Consider a reducible multiary group, i.e., a n-ary group G with multiplication f:G^n \to G such that there exists a group structure on G such that f(a_1,a_2,\dots,a_n) = a_1a_2\dots a_n for all (possibly repeated) a_1,a_2,\dot,a_n \in G, with the multiplication on the right being as per the group structure.

Let C be the subset of G comprising those elements that are neutral for f. Consider C as a subset of G with its (ordinary 2-ary) group operation. The claim is that C is a subgroup of G, and in fact, it is the characteristic subgroup comprising those elements in the center of G whose order divides n - 1.

Note

Note that due to the equivalence of definitions of reducible multiary group, we know that neutral elements exist if and only if the n-ary group is reducible. Thus, for irreducible n-ary groups, we would get an empty set instead of a subgroup.

Related facts

Proof

Given: Group G with identity element e. C is the subset of G comprising those elements u of G for which u^iau^{n-1-i} = a for all a \in G and all i \in \{ 0,1,\dots, n-1\}.

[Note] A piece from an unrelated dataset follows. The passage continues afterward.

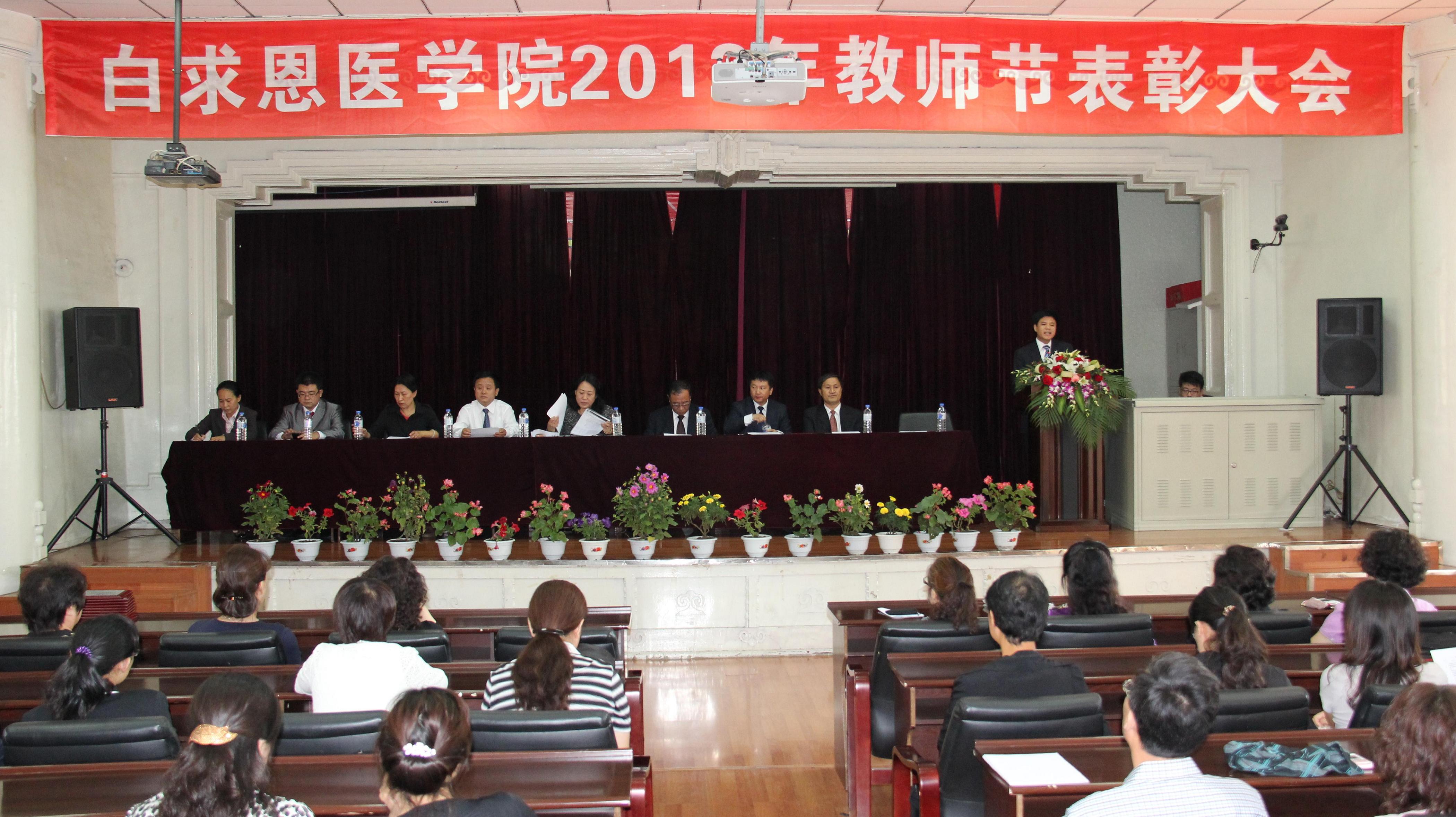 金秋九月,丹桂飘香,在第28个教师节当天,9月10日上午,白求恩医公司在基础楼二楼多功能学术报告厅隆重召开2012年教师节表彰大会。对在教学、科研等工作中做出突出贡献的教师进行表彰。白求恩医公司全体院领导及教职员工参加了大会。会议由公司党委书记屈英和主持。

To prove: C is precisely the subgroup of G comprising the elements u in the center of G with u^{n-1} = e.

Proof:

Step no. Assertion/construction Explanation
1 Every element of C is in the center of G. Set i = 0 to get au^{n-1} = a. Now set  i = 1 to get uau^{n-2} = a. Equating the two left sides gives au^{n-1} = uau^{n-2}. Cancel u^{n-2} from the right of both expressions to get au = ua for all a \in G.
2 For all u \in C, u^{n-1} = e. Set i = 0 and a = e to get eu^{n-1} = e which simplifies to u^{n-1} = e.
3 If u is in the center of G and u^{n-1} = e, then u \in C. Consider the product u^iau^{n-1-i}. Because u is central, we can commute it past a and get u^{n-1}a, which simplifies to a since u^{n-1} = e. This is true for all a \in G and all i \in \{0,1,\dots,n-1\}. Thus, u \in C.
4 The set of elements u such that u is in the center of G and u^{n-1} = e forms a characteristic subgroup of G. The center is already a subgroup, so we need only check that the condition u^{n-1} = e is a subgroup of it. Since abelian implies universal power map is endomorphism, it can be described as the kernel of the (n-1)-power map, which is a subgroup. It is characteristic because of the unique manner of definition.
5 We are done Steps (1) and (2) show one direction, Step (3) shows the reverse direction. Step (4) confirms that it is a subgroup.